"WE ARE ENTERING A NEW ERA OF SCULPTURE, WHICH NO LONGER CONSISTS OF BROKEN STONES, CHISELS AND DUST, BUT OF SCANNING, POINT CLOUDS AND DESIGN."
Statue Limitations
An Italian startup called Robotor has invented a machine that's nearly as good at carving marble masterpieces out of Carrara marble as its Renaissance-era predecessors.
As CBS News reports, Robotor founder Giacomo Massari is convinced his robot-machined marble statues are nearly as good as those made by humans. Almost.
"I think, let's say we are in 99 percent," he told CBS. "But it's still the human touch [that] makes the difference. That one percent is so important."
Massari even went a step further arguing that "robot technology doesn't steal the job of the humans, but just improves it" — a bold statement, considering the mastership that went into a form of art that has been around for thousands of years.
Art vs.
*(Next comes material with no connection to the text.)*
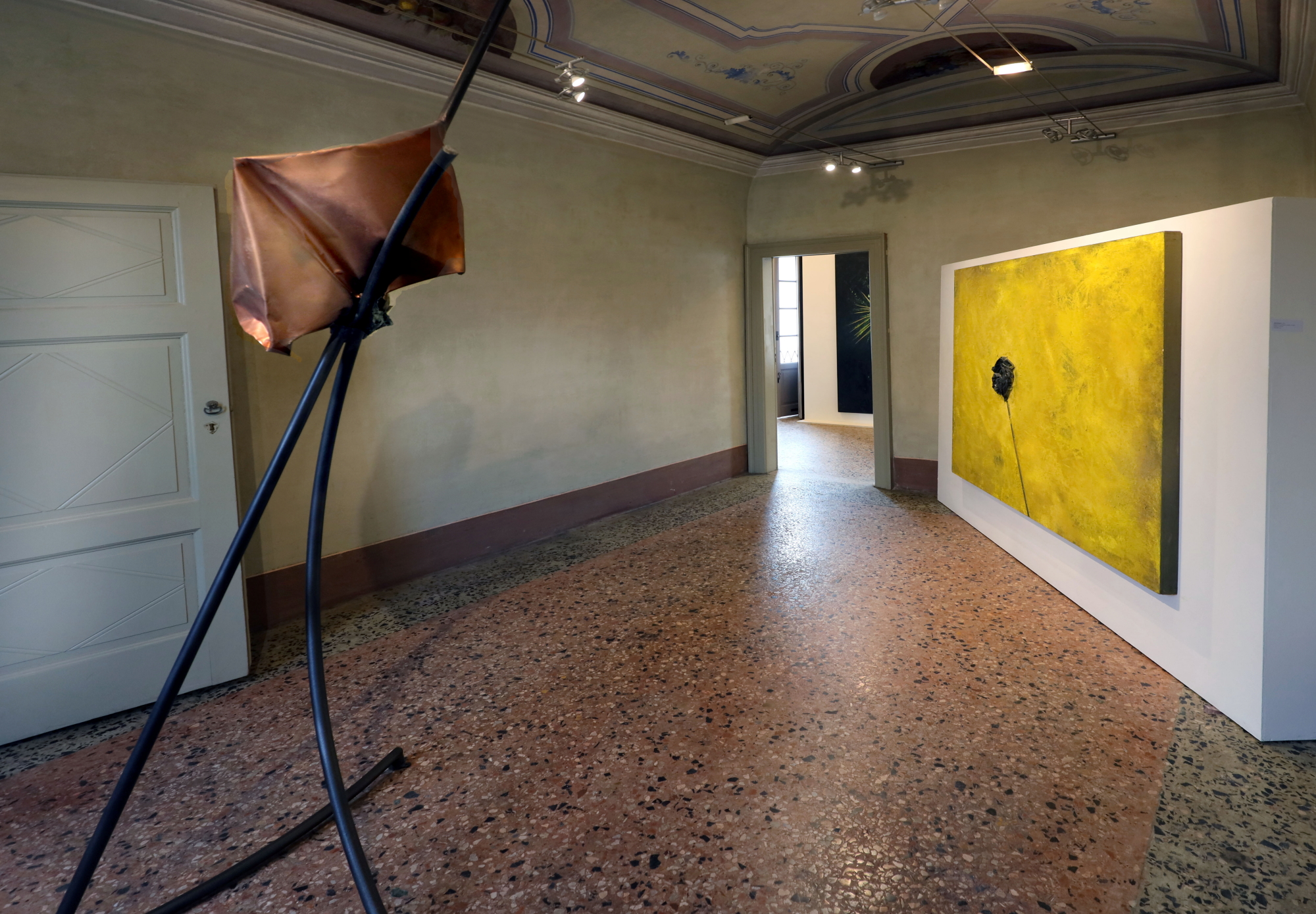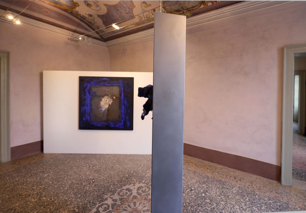La mostra allestita a Villa Brivio comprende circa venti grandi opere che mostrano, tra pitture e sculture, il percorso dell’artista dal 1986 ad oggi. Come sottolinea Flaminio Gualdoni in apertura di catalogo, Claudio Palmieri incarna della sua generazione «il versante di una forte predilezione per il fare», evidente in tutta la sua produzione dagli esordi fino ai tempi più recenti, in cui il rapporto con la materia è predominante nell’ideazione e realizzazione dell’opera. Le solide conoscenze tecniche consentono a Palmieri di passare agilmente dalla pittura alla scultura, attraverso l’utilizzo di materiali diversificati, appartenenti sia a linguaggi più tradizionali sia a quelli radicalmente innovativi.

Robartist
Robotor's latest robot sculptor, dubbed "1L," stands at 13 feet tall, a zinc alloy behemoth capable of carefully chipping away at a slab of marble day and night.
The company claims the technology is nothing short of revolutionary.
"The quarried material can now be transformed, even in extreme conditions, into complex works in a way that was once considered unimaginable," the company boasts on its website. "We are entering a new era of sculpture, which no longer consists of broken stones, chisels and dust, but of scanning, point clouds and design."
Unsurprisingly, not everybody is happy with robots taking over the craft, arguing that something important could be lost in the process of modernizing processes with new technologies.
"We risk forgetting how to work with our hands," Florence Cathedral sculptor Lorenzo Calcinai told CBS. "I hope that a certain knowhow and knowledge will always remain, although the more we go forward, the harder it will be to preserve it."